Mitchell, Kristine. (2007) Trade Unions and EU Politics: Explaining Variation in European Strategies. In: UNSPECIFIED, Montreal, Canada. (Unpublished)
Abstract
[From the introduction]. Already in the years preceding the SEA, broad transformations in the nature of work and economy had undermined the position of many trade unions across Western Europe.1 Even in cases where trade unions retained influence with government, over the 1980s central political authority was undermined as, "Decisions on macroeconomic conditions were increasingly made, not in national policy arenas where neo-corporatist deals could be struck, but in intergovernmental negotiations and global markets beyond most unions’ control.2" But especially since the 1986 Single European Act (SEA), European integration has changed the environment in which trade unions act in important ways. In the past twenty years, European integration has moved beyond its relatively narrow economic basis, to impact areas of key significance for trade unions, including macroeconomic policies, social policies and even industrial relations.

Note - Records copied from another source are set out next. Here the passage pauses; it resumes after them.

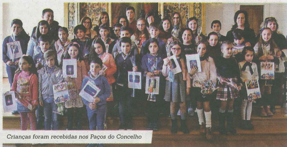
Crianças foram recebidas nos Paços do Concelho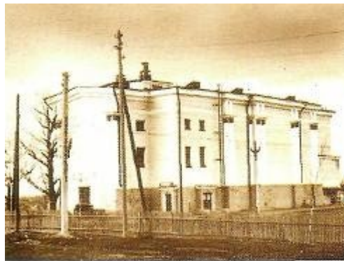
Кинотеатр «Россия», 1960-е гг.

В 1834 г. на средства прихожан был построен новый деревянный кладбищенский храм на правом берегу реки Турьи во имя архангела Михаила. Новый храм был приписан к приходской Максимовской церкви. В 1844 г., с благословения архиепископа Пермского Аркадия, на месте сгоревшей Максимовской церкви был заложен каменный храм во имя препод. Максима. На постройку храма Государем Императором Николаем I пожертвовано было 20000 руб., а остальной капитал, употребленный на постройку, собран был прихожанами. Постройка храма была закончена в 1851 г. Главным начальником Уральских горных заводов генералом Глинкою куплены были в Петербурге для храма иконостас в пять ярусов, иконы итальянской живописи и необходимая утварь.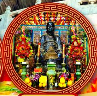
วัดปึกโต ขอพรเรื่องความสำเร็จ การงาน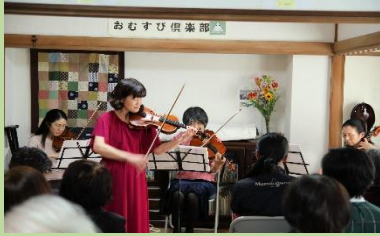
弦楽四重奏の演奏会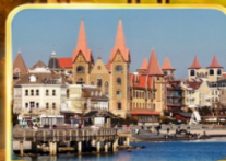
ท่าเรือชาวประมง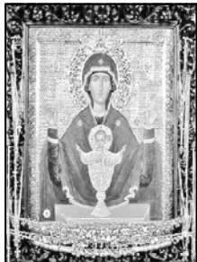
Место для Высоцкого Богородицкого мужского монастыря избрал Сер-

16 февраля 2013 года организуется паломническая поездка в Серпухов (Московская обл.) к чудотворной иконе Божьей Матери «Неупиваемая Чаша» в Высоцкий Богородицкий и Введенский монастыри.

This expansion of the EU’s competence has changed the opportunity structure facing the trade unions by creating both challenges as well as new opportunities. That is to say that European integration has undermined existing national trade union arrangements while simultaneously creating a new arena of policy-making open to trade union influence. While integration has acted as a force for economic liberalization and deregulation, it also provides for a significant amount of actual and potential re-regulation at the European level. And although deregulatory processes have advanced much farther than has European level social re-regulation, the institutionalization of the European arena nevertheless creates new opportunities for trade union influence.